The TAS-I planetary protection team, inside the cleanroom tent at Baikonur.
Credit: Thales Alenia Space

A dedicated training programme for all personnel who were involved in the construction and testing of the module, and the development of new cleanroom operating procedures were implemented.

All flight hardware, including the launcher upper stage and the launcher fairing, had to go through numerous cleaning cycles. Sterile 80% isopropyl alcohol was used for this. The cleanrooms are cleaned with more aggressive chemicals, including hydrogen peroxide solutions.

Most of the Schiaparelli hardware was exposed to dry heat treatment – exposing it to temperatures between 110°C to 125°C for several hours to several days – to reduce the microbiological contamination. Almost 3000 microbiological tests were carried out throughout the assembly, test and launch operations to check that these procedures were working well.

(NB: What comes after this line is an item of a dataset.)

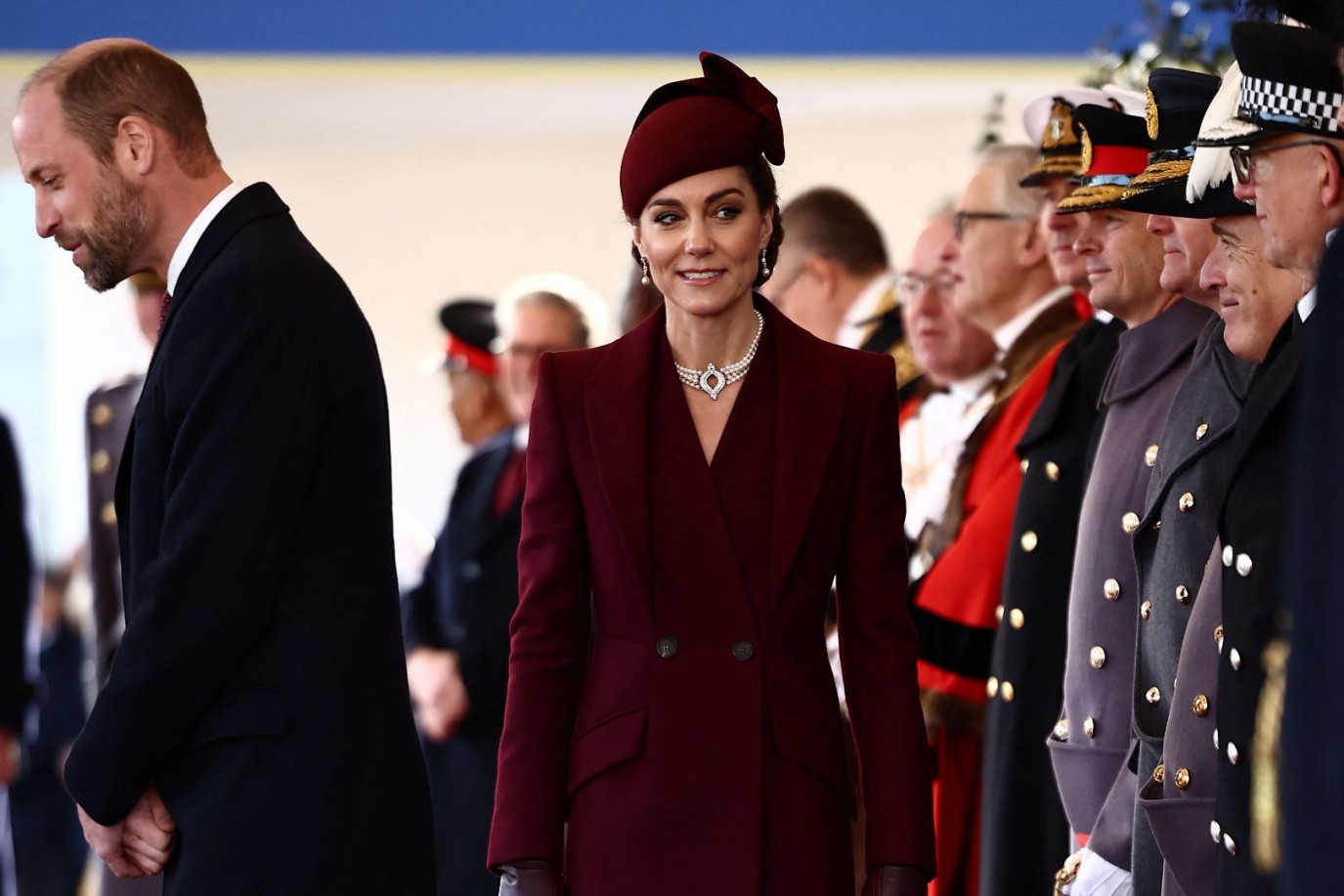 وعندما شاركت في استقبال أمير قطر الشيخ تميم بن حمد آل ثاني وعقيلته، اختارت كيت أميرة ويلز إطلالة باللون العنابي الداكن مستوحية ألوان إطلالتها من ألوان العلم القطري لتظهر تقديرها واحترامها للضيوف وكلفتة دبلوماسية شديدة الكياسة. الفستان المعطف الذي ارتدته حمل توقيع سارة بورتون من ألكسندر ماكوين Alexander McQueen وقد نسقته الأميرة مع مجوهرات من اللؤلؤ كانت ملكاً للملكة الراحلة.
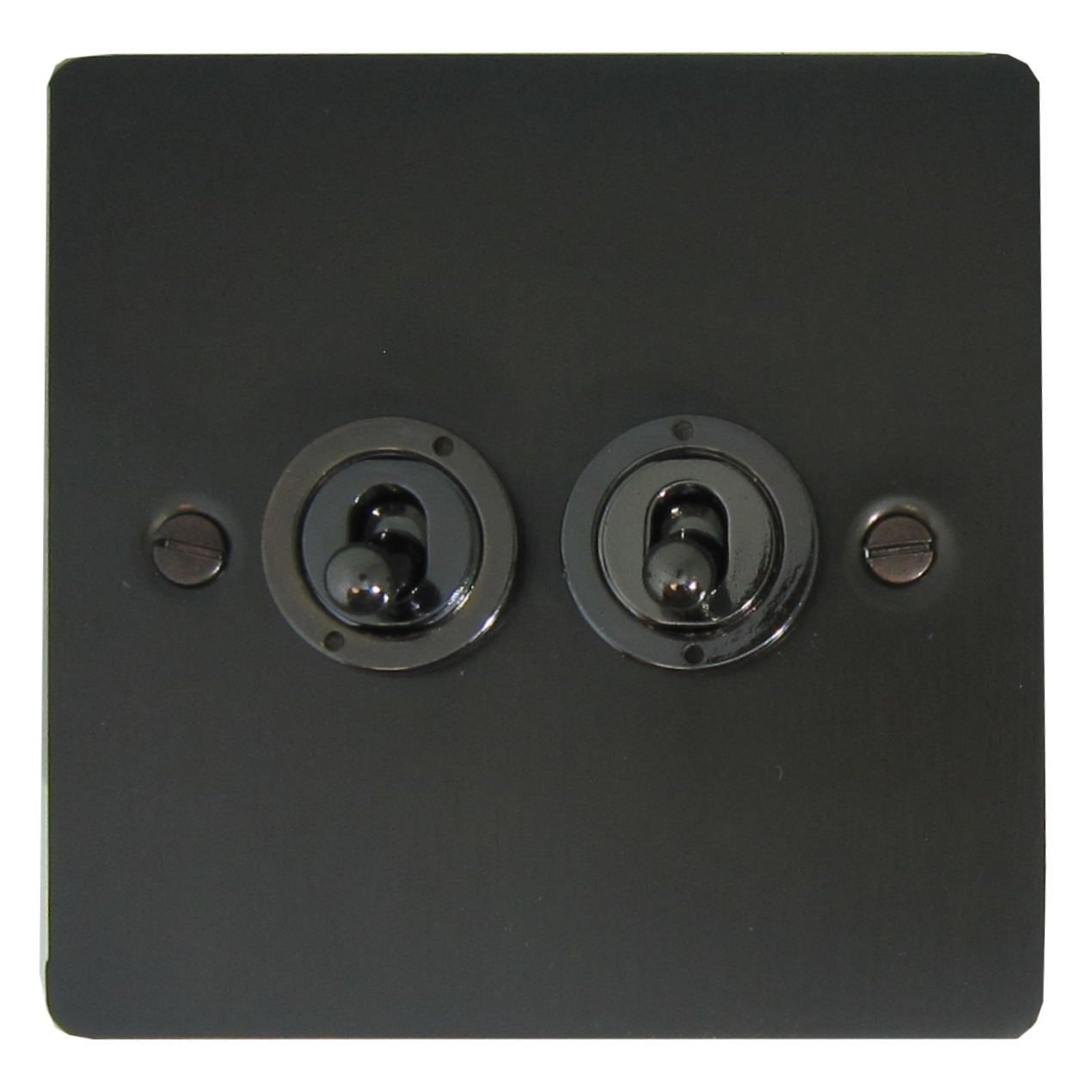 Flat Black Bronze Toggle Grid Plate (2 Gang/Black Nickel Toggle) - G+H FBB82-BN

The planetary protection requirements have been verified by internal and independent assessments throughout the project lifecycle during reviews, audits and tests. The final certificate of compliance has been issued for the launch readiness review.

As a result of these special measures and the excellent work of the Thales Alenia Space planetary protection, laboratory, and assembly, integration and test teams, the Agency has demonstrated that ExoMars 2016 is well within the constraints specified for the microbiological contamination and the probability of impact on Mars.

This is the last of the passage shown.